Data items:

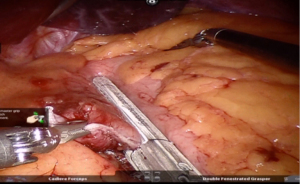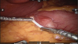Pylorus is identified and a 5 cm umbilical tape is used to measure distance of 5cms from pylorus along greater curvature where gastrolysis is begun using an energy source (Figure 19).
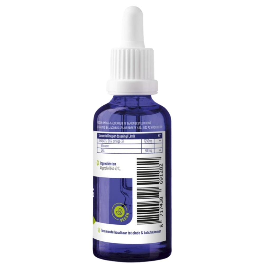 Vitakruid Vegan Omega-3 1250 TG Algal Oil is perfectly dosable thanks to its liquid formula. The many health benefits of Omega-3 are made available to everyone thanks to its vegan formulation. For example, DHA, the essential omega-3 fatty acid, is good for the brain, vision, and triglyceride levels. Omega-3 is also an important nutrient for pregnant women, as it contributes to the development of the eyes of the fetus and of breastfed infants. Thanks to its plant-based formula, Vitakruid Omega-3 is also highly sustainable. The omega-3 is derived from algae. These algae are grown under optimal conditions, meaning a small amount of algae is needed for a high-quality yield of omega-3 in the formula. Naturally, only the most biologically active form has been used for this vegan Omega-3 so that the body benefits most from the many health benefits of Omega-3.
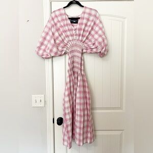NICHOLAS Plaid Smocked Panel Midi Dress
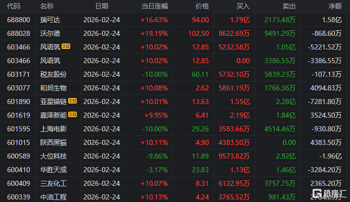 龙虎榜中涉及机构专用席位的个股中,当日净买入额前三为华工科技、上海电影、三变科技,分别为1.89亿元、1.85亿元、1.55亿元。
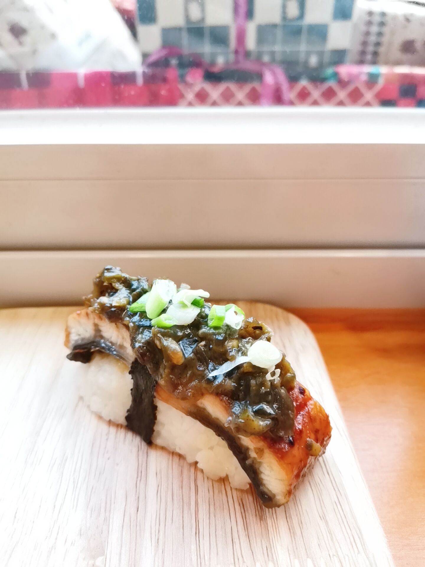 给肥哥看我前几天吃到的皮蛋鳗鱼寿司,居然还挺好吃( ゚∀。)
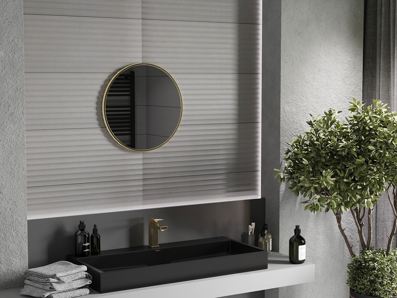 Mexen Loft ronde badkamerspiegel 35 cm, gouden frame - 9850-035-035-000-50
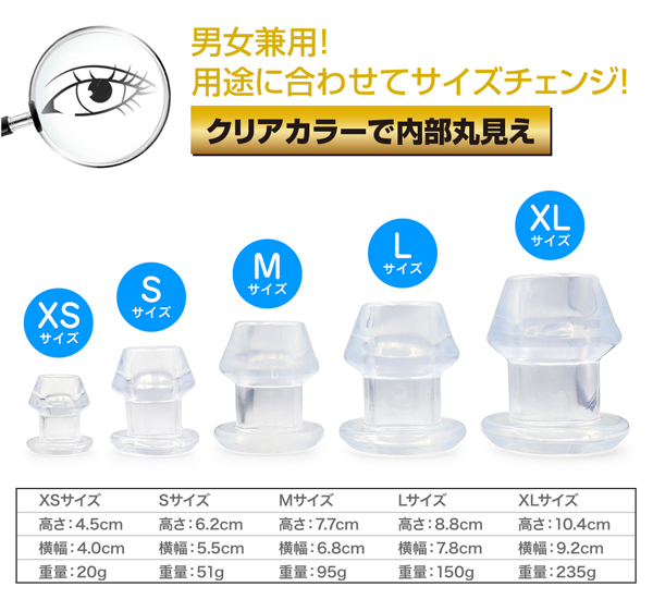 ![]() 日本人向けに作られた男女兼用拡張トンネルプラグ!内部穴360度見渡せる極上の光景幅広いプレーが可能な多用途プラグ柔軟性と形状保持力を備えた透明色の拡張アイテムです。
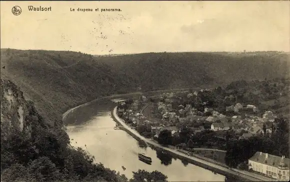 Ak Waulsort Hastière Wallonien Namur, die Flagge, Panorama
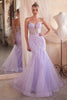Indulge in the captivating allure of this stunning strapless mermaid gown. Its exquisite deep-plunging illusion neckline adorned with a delicate sequin floral vine motif creates an ethereal and alluring effect. The layered glitter tulle skirt cascades down in a mesmerizing display of shimmering elegance, adding a touch of divine enchantment to your every move. The mermaid silhouette accentuates your curves, while the sweetheart neckline beautifully flatters your décolletage. Whether you're attending prom, a formal event, or a special occasion, this strapless mermaid gown is sure to make a bold and unforgettable statement.
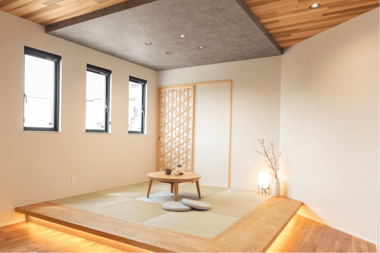 折下げ天井と小上がりの和室。小上がりで壁を使用せず空間を区切っています。奥には収納もあり、実用性も高い空間です。
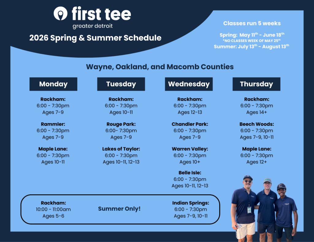 Maple Lane (Mon), Rackham (Tues), Lakes of Taylor (Tues), Warren Valley (Wed), Indian Springs (Wed), Belle Isle (Wed), Beech Woods (Thurs)
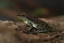 Staurois is a small genus of minuscule true frogs. Most species in the genus are restricted to Borneo, but two species are from the Philippines.[1][2] This genus is a quite ancient member of the true frog family, Ranidae.[3] They are typically found in or near rapidly flowing, small rocky streams, and are sometimes known as splash frogs or foot-flagging frogs. The latter name refers to their unusual behavior of conspicuously waving their hindlegs and feet, as a way of signalling other members of the species.[4][5] Similar behavior has also been documented in other frog genera, notably Hylodes and Micrixalus.
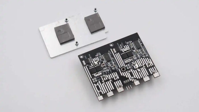 小板背面设有散热铝片,通过螺丝固定。

WORK TASK:
The response is to contain exactly the lines from the beginning of the data through the line containing "Ak Waulsort Hastière", both ends included, and nothing else; omit the pictures.

REPLY TO THE EXERCISE:
Pylorus is identified and a 5 cm umbilical tape is used to measure distance of 5cms from pylorus along greater curvature where gastrolysis is begun using an energy source (Figure 19).
 Vitakruid Vegan Omega-3 1250 TG Algal Oil is perfectly dosable thanks to its liquid formula. The many health benefits of Omega-3 are made available to everyone thanks to its vegan formulation. For example, DHA, the essential omega-3 fatty acid, is good for the brain, vision, and triglyceride levels. Omega-3 is also an important nutrient for pregnant women, as it contributes to the development of the eyes of the fetus and of breastfed infants. Thanks to its plant-based formula, Vitakruid Omega-3 is also highly sustainable. The omega-3 is derived from algae. These algae are grown under optimal conditions, meaning a small amount of algae is needed for a high-quality yield of omega-3 in the formula. Naturally, only the most biologically active form has been used for this vegan Omega-3 so that the body benefits most from the many health benefits of Omega-3.
NICHOLAS Plaid Smocked Panel Midi Dress
 龙虎榜中涉及机构专用席位的个股中,当日净买入额前三为华工科技、上海电影、三变科技,分别为1.89亿元、1.85亿元、1.55亿元。
 给肥哥看我前几天吃到的皮蛋鳗鱼寿司,居然还挺好吃( ゚∀。)
 Mexen Loft ronde badkamerspiegel 35 cm, gouden frame - 9850-035-035-000-50
 ![]() 日本人向けに作られた男女兼用拡張トンネルプラグ!内部穴360度見渡せる極上の光景幅広いプレーが可能な多用途プラグ柔軟性と形状保持力を備えた透明色の拡張アイテムです。
 Ak Waulsort Hastière Wallonien Namur, die Flagge, Panorama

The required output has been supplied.